Introduction

Rabies is a fatal viral encephalitis characterized by a clinically acute and progressive course over 5–7 days. Signs can include fever, altered alertness, agitation, insomnia, hallucinations, focal paraesthesias or myoclonus, phobic spasms, disturbances of blood pressure, heart rhythm and water balance, seizures, flaccid paralysis, coma and death (Jackson 2007). Electroencephalograms (EEG) are characterized by generalized slowing that progresses to loss of cortical electrical activity. In patients with early demise without major complications of medical care, brain histology generally shows rabies virus antigens by immunofluorescence or detection of Negri bodies, but little necrosis, apoptosis or inflammation (Iwasaki and Tobita 2002). Early brain imaging by computed tomography or magnetic resonance imaging (MRI) may appear normal, consistent with autopsy findings (Laothamatas et al 2003).

We took advantage of the discrepancy between clinical outcome and histological blandness to improvise a successful therapy for rabies. We induced coma to suppress neurological dysfunction, applied anti-viral drugs in an attempt to minimize agent replication, and relied on the normal development of an immune response to clear rabies virus infection (Willoughby et al 2005). The Milwaukee protocol (MP) was then modified to treat two German patients.

In these three patients, we identified in addition a severe acquired defect of tetrahydrobiopterin (BH4) metabolism that was restricted to the central nervous system. The deficit in BH4 metabolism may partially explain features of rabies.
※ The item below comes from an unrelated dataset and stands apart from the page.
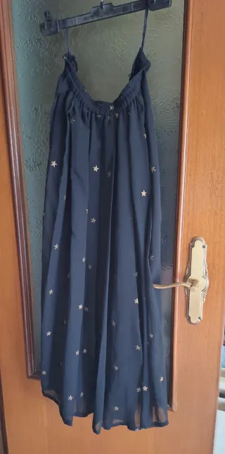 Prenda versátil de Zara con un acabado brillante que combina negro y plateado. Puede usarse como falda larga o como vestido. Talla XS-S (lo que indica la etiqueta) - Diseño con brillos. - Corte ajustado. - Tirantes finos que estilizan la cadera o bien para la parte superior si lo usas como vestido. - Corte midi si es vestido y en el otro caso es falda larga Yo me lo compré pensando que era un vestido y luego vi en la web que era una falda. Es muy útil al poder ser utilizado como ambas prendas. Ideal para una fiesta o un evento de una noche. Solo lo usé 2 veces y está en muy buen estado. Se me quedó pequeño.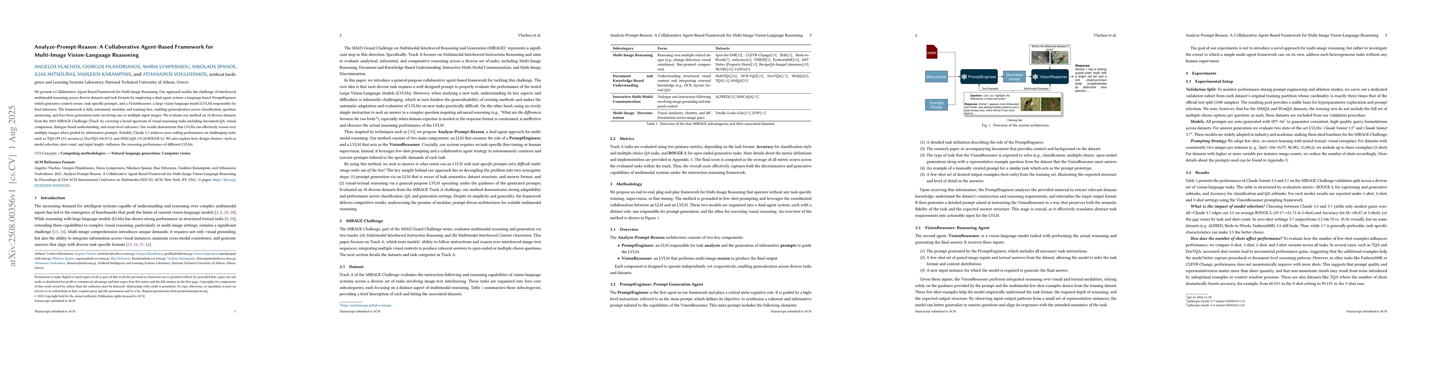 We present a Collaborative Agent-Based Framework for Multi-Image Reasoning. Our approach tackles the challenge of interleaved multimodal reasoning across diverse datasets and task formats by employing a dual-agent system: a language-based PromptEngineer, which generates context-aware, task-specific prompts, and a VisionReasoner, a large vision-language model (LVLM) responsible for final inference. The framework is fully automated, modular, and training-free, enabling generalization across classification, question answering, and free-form generation tasks involving one or multiple input images. We evaluate our method on 18 diverse datasets from the 2025 MIRAGE Challenge (Track A), covering a broad spectrum of visual reasoning tasks including document QA, visual comparison, dialogue-based understanding, and scene-level inference. Our results demonstrate that LVLMs can effectively reason over multiple images when guided by informative prompts. Notably, Claude 3.7 achieves near-ceiling performance on challenging tasks such as TQA (99.13% accuracy), DocVQA (96.87%), and MMCoQA (75.28 ROUGE-L). We also explore how design choices-such as model selection, shot count, and input length-influence the reasoning performance of different LVLMs.

It is in principle treatable by oral supplementation, as evidenced by neurochemical responses in two patients.

Methods

Case report methodology.

We measured pterins and monoamine neurotransmitter metabolites in the CSF of patients with rabies by HPLC with electrochemical or fluorescent detection (Blau et al 2001).

Results

Case 1

Our index patient’s exposure to a bat, clinical presentation, course, and rehabilitation have been reported previously (Hu et al 2007; Willoughby et al 2005). Sedation and analgesia were tapered on hospital day (HD) 9. The 15-year-old girl was initially fully paretic and unresponsive to noises, oculocephalic manoeuvres, corneal stimulation and pain. She rapidly recovered sensation and movement but displayed a sequence of rapidly evolving movement disorders over 52 days of in-patient rehabilitation. She did not initially receive medication for her movement disorders because of her general improvement and the rapid evolution of the disorders, which precluded assessment of benefit or adverse effect from new therapies. By HD40, her progress in gross motor skills, ambulation and conditioning was excellent but her facial and buccolingual movement disorders compromised oral communication and feeding. A constellation of increased signal in the basal ganglia and midbrain by fluid-attenuated inversion-recovery (FLAIR) MRI, cardiomyopathy, pancreatitis, and mild lactic acidosis was present early in her disease, but then persisted despite otherwise rapid rehabilitation.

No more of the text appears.